THE SPIRITS of the giants destroyed by the Flood were venerated by the Amorites who dominated the culture around ancient Israel. The Hebrew prophets and psalmists condemned the cult of the dead, but you have to know what you’re looking for to find those scriptures.
We find one of them in Proverbs 21:
The man that wandereth out of the way of wisdom shall abide in the congregation of the dead. (KJV) One who wanders from the way of good sense will rest in the assembly of the dead. (ESV)

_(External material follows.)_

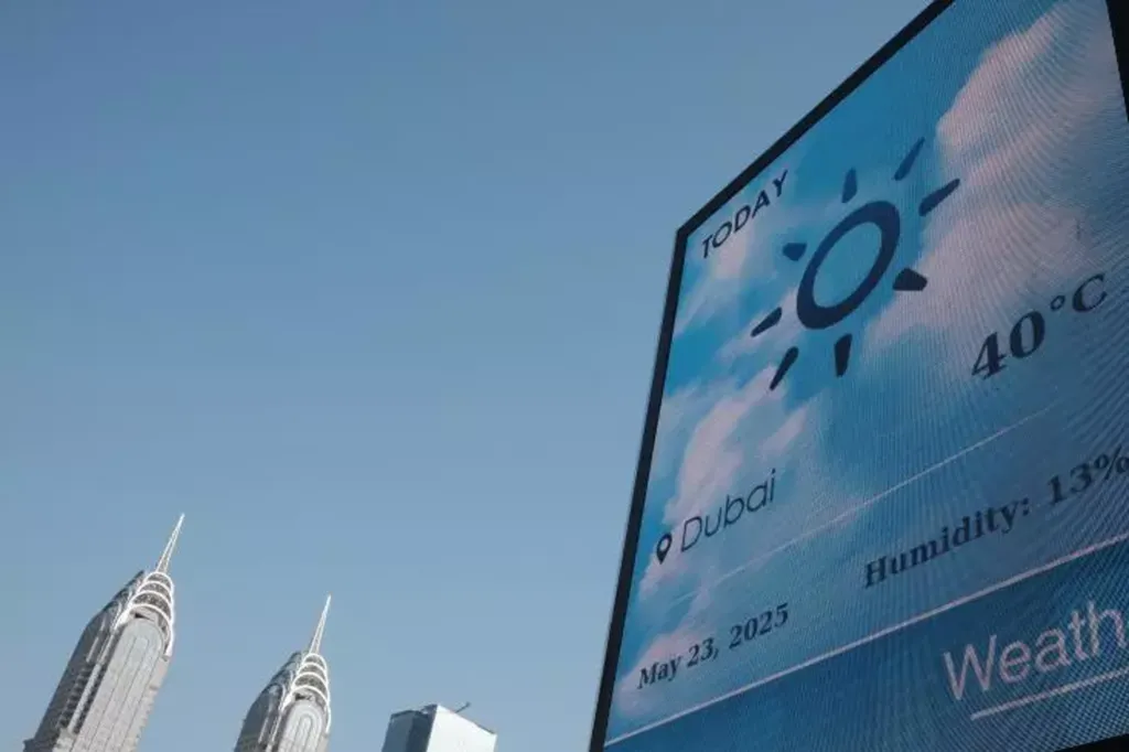 | Un panneau affiche un bulletin météo et une température de 40 degrés Celsius à Dubaï, le 23 mai 2025 aux Émirats arabes unis. |
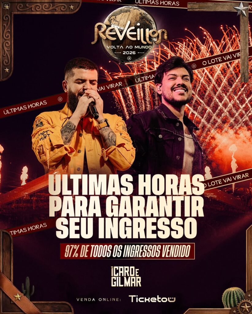 O Réveillon Volta ao Mundo 2026 acontece no Espaço Dois Ipês, com abertura dos portões a partir das 21h. Os últimos ingressos seguem à venda pela plataforma Ticketou.

The word translated “dead” is Rephaim. These were not spirits of the human dead, but those of the monstrous Nephilim who died in the Flood. Further, it was believed by the pagan Amorites (and later by the Greeks and Romans) that the spirits of those hybrids—demigods like Perseus and Heracles—would intercede for the living as long as you offered them sacrifices and worship.
This is confirmed by religious texts from the Amorite kingdom of Ugarit, where the last king of that city-state, Ammurapi III (a name that means “my fathers are Rephaim”), was inaugurated with a necromantic ritual that summoned the Rephaim, calling some of them by name, and the “council of Ditanu”—a name from which the Greeks got the name of their old gods, the Titans.
In short, the Ditanu/Titans and the Rephaim/demigod heroes of the Amorites and Greeks were the sons of God and the Nephilim from Genesis 6:1–4, and Proverbs 21:6 is a warning that wanting to join the assembly of the Rephaim after death, like the Amorites, is stupid.
That echoes the additional calls for wisdom in Proverbs 21, which we’ve seen throughout the Proverbs to this point. This week, however, Proverbs 21:30 reminds us that despite the critical importance of wisdom, no human understanding can prevail against the Lord.